- _Listed records_
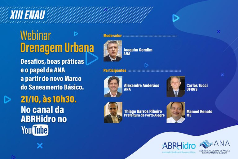 Nesta quarta-feira, 21 de outubro, a partir das 10h30, a Agência Nacional de Águas e Saneamento Básico (ANA) e a Associação Brasileira de Recursos Hídricos (ABRHidro) realizarão o Webinar Drenagem Urbana: Desafios, Boas Práticas e o Papel da ANA a partir do Novo Marco do Saneamento Básico. O debate faz parte da programação do XIII Encontro Nacional de Águas Urbanas (ENAU) e terá transmissão por meio do canal da ABRHidro no YouTube: https://www.youtube.com/user/RedesABRH.
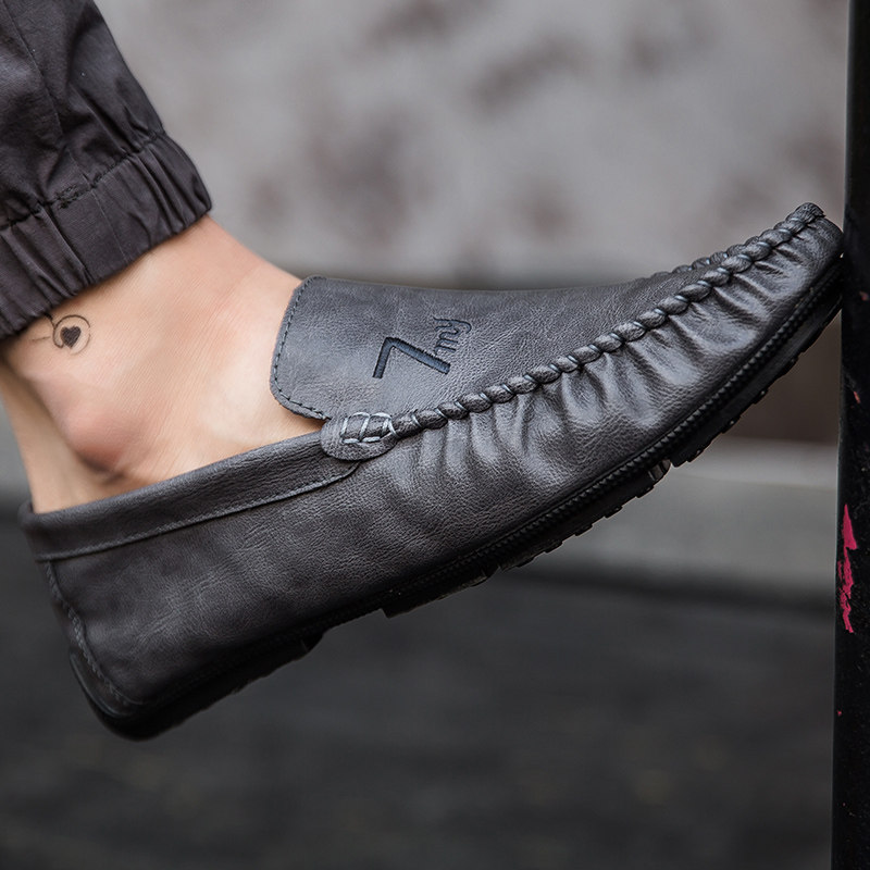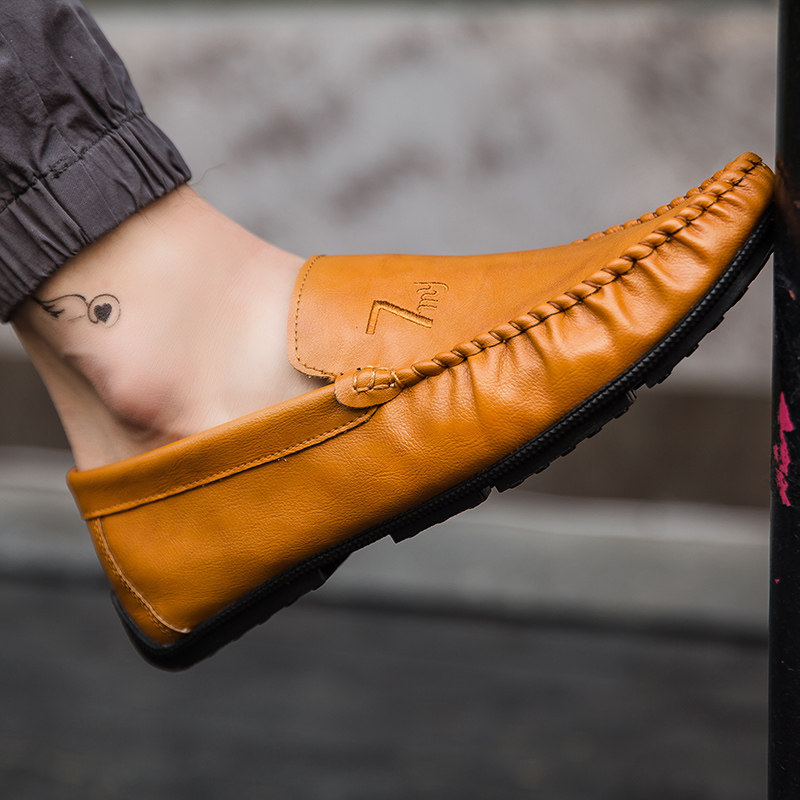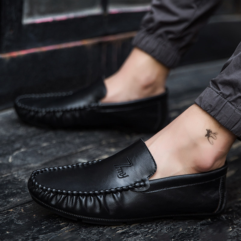 Doudou shoes men's spring and summer casual leather shoes Korean trend fashion driving shoes soft leather men's shoes slip-on shoes
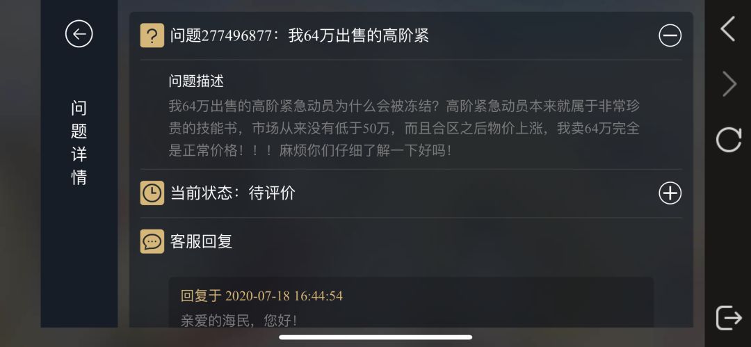 贝儿小姐姐看过来,高阶紧急动员一直在我们区价格都是50w以上,前两天运气不错开到一个,以64w的价格卖掉,结果金币被冻结。64w一本高阶紧急动员完全是很正常的市场价格,我也没有和任何人私下商量交易,请你们调查清楚!!
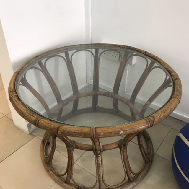 Round Glass Top Coffee Table With Rattan Stand Of Size 69cm
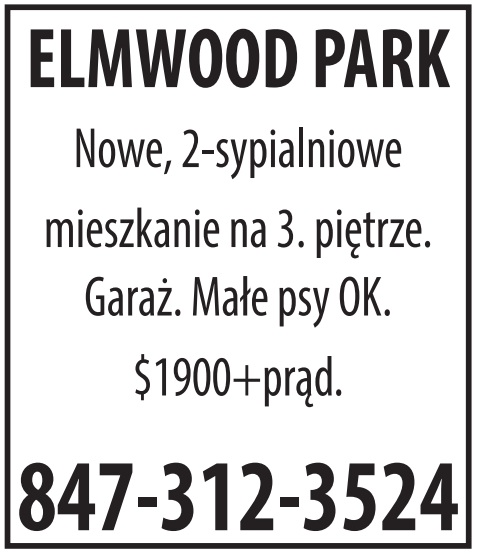 2-sypialniowy apartament do wynajęcia. Bez zwierząt. 847-691-6267
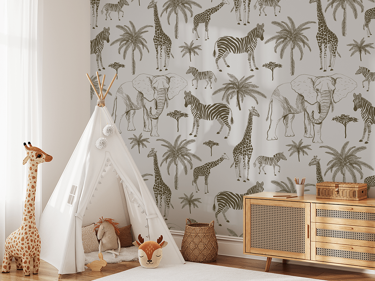 Introducera en unik atmosfär i ditt barns rum med fototapeten ”Safari in the Palms”. Detta vackert designade mönster, som avbildar exotiska djur som zebror och giraffer omgivna av palmer, kommer att förflytta barn till safarins fascinerande värld. Naturliga detaljer och vänliga färger passar perfekt in i en atmosfär full av glädje och roligt.
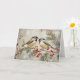 Glistening gold foil and glitter adorn chickadees on an evergreen branch, surrounded by red berries and snowflakes. The vintage grey background enhances the festive feel.
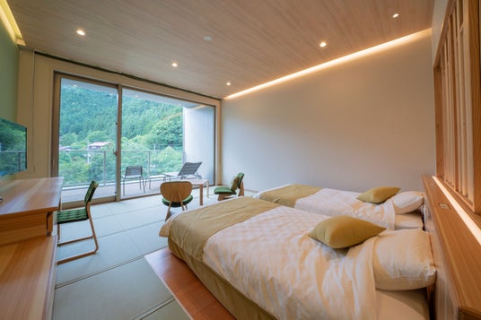 ◆休暇村奥武蔵 埼玉県飯能市西部、高麗川の清流に囲まれ、里山の風景が色濃く残る自然豊かな場所に立つリゾートホテル。2018年には新館「にしかわ館」を増築し、浴室やレストランもリニューアルしてグランドオープンしました。「ムーミンバレーパーク」のオフィシャルホテルとして「ムーミンスペシャルルーム」も販売。夕食後には「月と星のテラス」で開催する「スタービューイング」や、土曜日に開催する「朝ヨガ」「週末焚火倶楽部」などの体験プログラムも人気です。
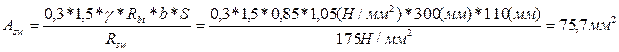 Для обычной и не предварительно напряжённой арматуры число рабочих стержней принимаем по числу рёбер. Число рабочих стержней – 9 шт. ( в = 9 мм) Поперечные стержни принимаем конструктивно диаметром 5 мм; арматура класса А – III c шагом 200 мм. Конструирование монтажной сетки С1. Поперечные и продольные стержни диаметром 6 – 8 мм, арматура класса A – I . Количество продольных стержней равно количеству пустот, шаг поперечных стержней равен 100 мм. Проверим прочность наклонного сечения. Q < Q в Q в = 0,6* R bt *b*h 0 , где (29) b = 300 мм Q в = 0,6* R bt *b*h 0 = 0,6*1,05(Н/мм 2 )*300(мм)*200(мм)=37,8 кН Q < Q в 1,7 кН < 37,8 кН Расчёт поперечной арматуры. Каркасы принимаем через три отверстия при высоте плиты 22 см. Шаг поперечных стержней: S = h/2 (30) S = h/2= 220/2=110 мм Арматуру для каркасов принимаем A – II , продольные стержни – диаметр 8 мм, а поперечные – 6 мм. Тогда усилия в поперечных стержнях на 1м длинны, определяем по формуле: q sw = (R sw *A sw )/S , где (31)

- _What you are asked to do_
Exactly as written, repeat the lines of the material above from the first through the line holding "2-sypialniowy apartament do", with both ends in the copy and no pictures.

- _Result of the task_
 Nesta quarta-feira, 21 de outubro, a partir das 10h30, a Agência Nacional de Águas e Saneamento Básico (ANA) e a Associação Brasileira de Recursos Hídricos (ABRHidro) realizarão o Webinar Drenagem Urbana: Desafios, Boas Práticas e o Papel da ANA a partir do Novo Marco do Saneamento Básico. O debate faz parte da programação do XIII Encontro Nacional de Águas Urbanas (ENAU) e terá transmissão por meio do canal da ABRHidro no YouTube: https://www.youtube.com/user/RedesABRH.
 Doudou shoes men's spring and summer casual leather shoes Korean trend fashion driving shoes soft leather men's shoes slip-on shoes
 贝儿小姐姐看过来,高阶紧急动员一直在我们区价格都是50w以上,前两天运气不错开到一个,以64w的价格卖掉,结果金币被冻结。64w一本高阶紧急动员完全是很正常的市场价格,我也没有和任何人私下商量交易,请你们调查清楚!!
 Round Glass Top Coffee Table With Rattan Stand Of Size 69cm
 2-sypialniowy apartament do wynajęcia. Bez zwierząt. 847-691-6267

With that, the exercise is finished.